Iron Ore Resilience Meets Green Transition Pressures

Fortescue Metals Group, Australia's fourth-largest iron ore producer, reports its FY26 half-year results on February 25, 2026, following a strong operational first half that saw record shipments of 100.2 million tonnes, a 3% increase from the prior year. This performance, driven by reliable output from Pilbara hematite operations and ramp-up at the high-grade Iron Bridge project, has kept the company on track for its full-year guidance of 195-205 million tonnes.

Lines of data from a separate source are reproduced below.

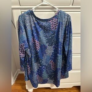 Vibrant v-neck blouse, purple and blue. Excellent condition.
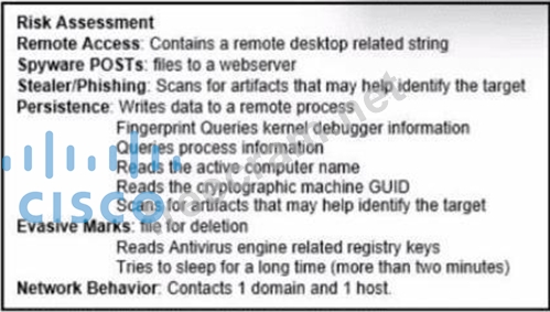 The exhibit lists several behaviors under categories such as Remote Access, Stealer/Phishing, Persistence, and Evasive Marks. Notably, under "Persistence" it states:
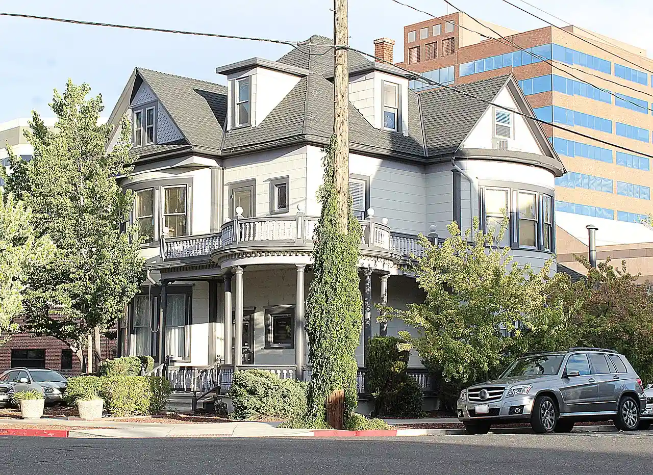 The Nortonia Boarding House, at 150 Ridge St. in Reno, Nevada, was built in c.1900-1904. In 1906 it was purchased by Norton, who changed it to a boarding house, and it was also extended then. It is primarily Queen Anne in style but includes elements of Colonial Revival architecture as well. It was listed on the National Register of Historic Places in 1983. It is notable as "one of the best" surviving Queen Anne houses in Reno. and Read more on Wikipedia
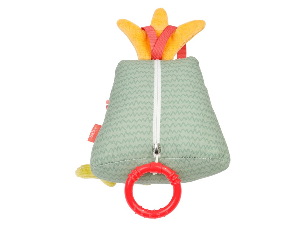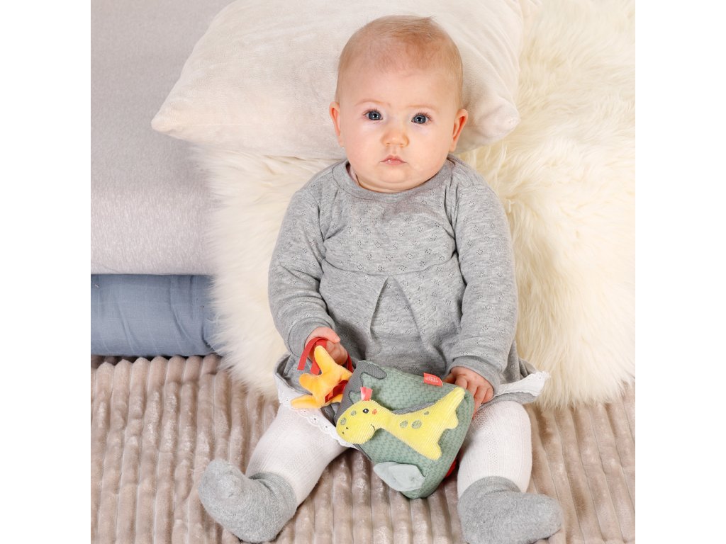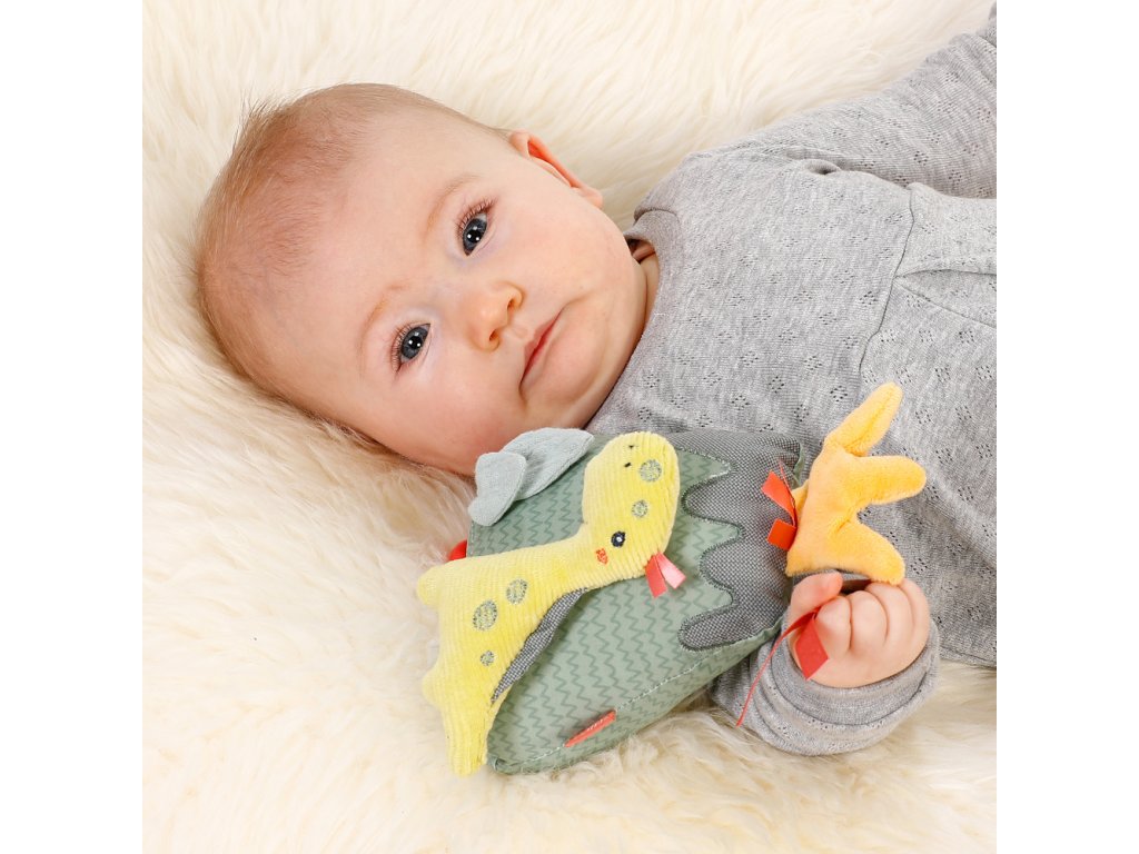 Roztomilá plyšová sopka s dinosaurem se během chvilky stane nejlepším kamarádem vašeho miminka. Je vyrobena z kvalitního materiálu a uvnitř je schovaný natahovací hudební mechanismus. Ten po zatáhnutí za kroužek hraje Schubertovu ukolébavku, která trvá 2 minuty a má příjemnou hlasitost. Hračka také rozvíjí dětskou fantazii, jemnou motoriku a pomáhá dětem usnout. Díky dvěma stuhám ji lze snadno připevnit na postýlku, kočárek nebo autosedačku, takže ji dítě může mít kdekoliv s sebou.

Yet the timing is critical because iron ore prices have softened, dipping below US$100 per tonne in early 2026 amid concerns over Chinese demand and global steel production trends. In the December 2025 quarter, average revenue for hematite products stood at US$93 per dry metric tonne, while unit costs edged higher to an average of US$18.64 per wet metric tonne for the half, slightly above full-year guidance. These dynamics contributed to recent share price volatility, with Fortescue shedding around 4-5% in mid-February sessions as miners reacted to commodity weakness.

Beyond the numbers, the results will be scrutinised for insights into Fortescue's broader strategy under Executive Chairman Andrew Forrest. The company maintains a cash balance of US$4.7 billion and low net debt, providing flexibility, but investors watch closely for dividend indications amid softer conditions and analyst expectations of reduced payouts in coming years.

A less visible but significant tension lies in Fortescue's Real Zero ambition to decarbonise its Pilbara operations by 2030, eliminating Scope 1 and 2 emissions without offsets. Recent milestones include commissioning battery-electric locomotives, expected to save 1 million litres of diesel annually, and advancing partnerships for electric mining equipment. However, these efforts follow a retreat from large-scale green hydrogen projects in 2025, including cancellations in Queensland and the US that triggered impairments and job cuts, raising questions about the pace and feasibility of the transition in a capital-intensive industry where fossil fuels remain dominant for heavy haulage and processing.

The interplay creates trade-offs: sustained iron ore strength supports funding the green shift, but commodity downturns could constrain investment at a time when competitors like BHP and Rio Tinto also trial lower-emission technologies with varying commitment levels.